# It's Time To Build Your Universe!



## dwayne (Apr 29, 2016)

Its been a long wait, but almost there will be getting all three in hardcover.


----------



## neobolts (Apr 29, 2016)

Also excited that I will be getting OLD and NEW in hardcover. There's really something to be said for the tactile experience of books in role-playing. Didn't bump NOW up to hardcover, but I'm wishing I had done so.


----------



## EternalDungeonMaster (Apr 29, 2016)

How do you get the WOIN books in hardcover?


----------



## Morrus (Apr 29, 2016)

CNYGamer99 said:


> How do you get the WOIN books in hardcover?




You have to wait, I'm afraid. 

At the moment, softcover only. The hardcover compilations are coming soon though.


----------



## EternalDungeonMaster (Apr 29, 2016)

Okay, thank you.

Soon as in "sometime in the coming weeks" or soon as in "put it on your Christmas wish list"?


----------



## Morrus (Apr 29, 2016)

The Kickstarter backers have to get theirs first, so general release will be after that. I don't want to be more specific than that, though - we're going as fast as possible, but there are too many factors I don't have control over, time-wise.


----------



## DM Howard (Apr 30, 2016)

I will definitely pick the future books up once they are in hardcover as well.
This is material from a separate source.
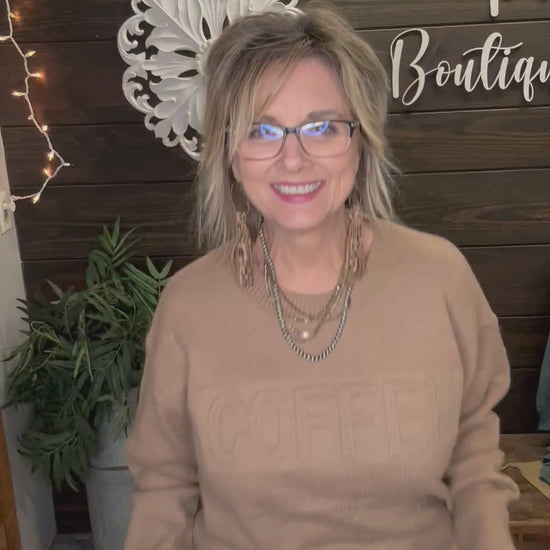 This embossed sweater doesn't just celebrate your love for coffee—it envelops you in exceptional softness and comfort while making a stylish impression. Elevate your daily wardrobe with this cozy piece that perfectly combines fashion and your passion for coffee.

Edit: I actually got so excited about this that I went ahead and bought the Softcovers and PDFs for all the Future stuff out on DTRPG and then I'll pick up the hardcovers later!


----------



## JohnLynch (May 1, 2016)

So what universes are people building? Here's what I've got.
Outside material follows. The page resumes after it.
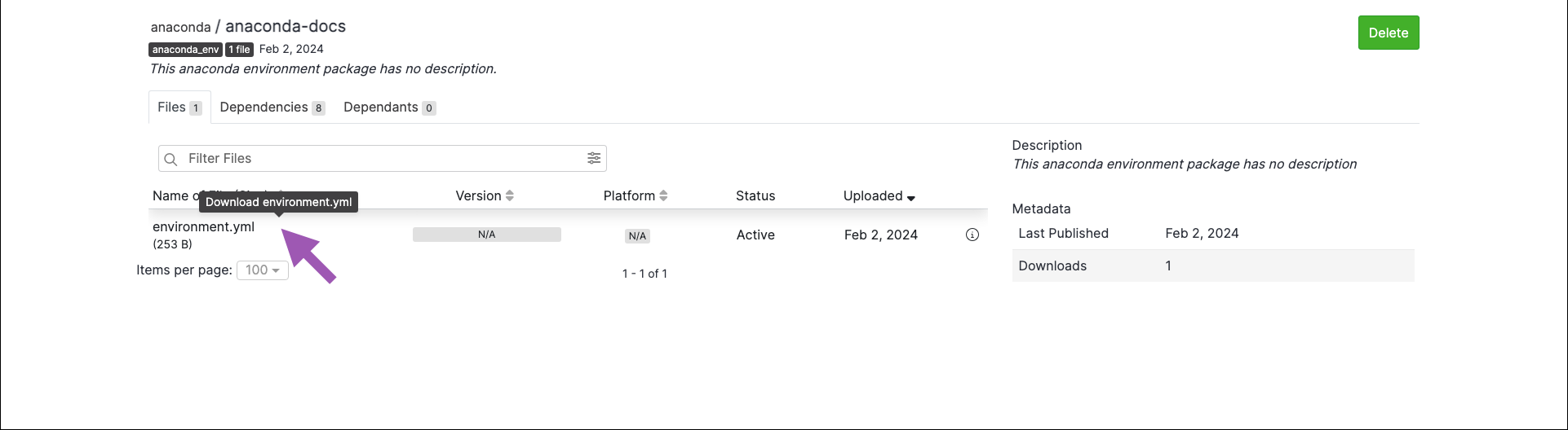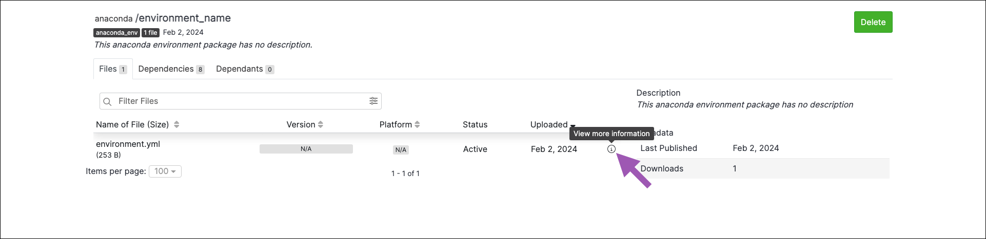 .ymlfile to view its metadata.You will be presented with the environment’s metadata.

Big Picture: Chartered Space probably encompasses around 750 light years of space. The "home nation" that players are expected to belong to encompasses only a third of that with not much being known about the other two thirds of Chartered Space (both belonging to their respective interstellar nations).

Where & When: Using a fictional Stardate dating method, the exact time is unknown but is likely to be somewhere around the 23rd century with the action taking place in the Orion Arm (which is a REALLY big part of space when you start looking at Warp speeds).

Theme: Exploration and hope. When humanity discovered how to travel to other worlds, they stepped into a rather dark galaxy filled with war and turmoil. Humanity, of course, added their own misery and hate into the mix. However that all finally came to an end with the formation of the League of Planets. Now, 70 years after the League's formation, the first starships of a brand new deep space research program will see the League send out research vessels into unchartered space where they will discover strange new phenomena and make contact with brand new species. It is the League's first major project since it's founding and represents the League maturing and stepping onto the Interstellar stage. Of course, the Spartan Empire which the League is ostensbily at peace with will likely be encountered. Out in unchartered space, far from the navies of their respective interstellar nations, who knows how things will play out.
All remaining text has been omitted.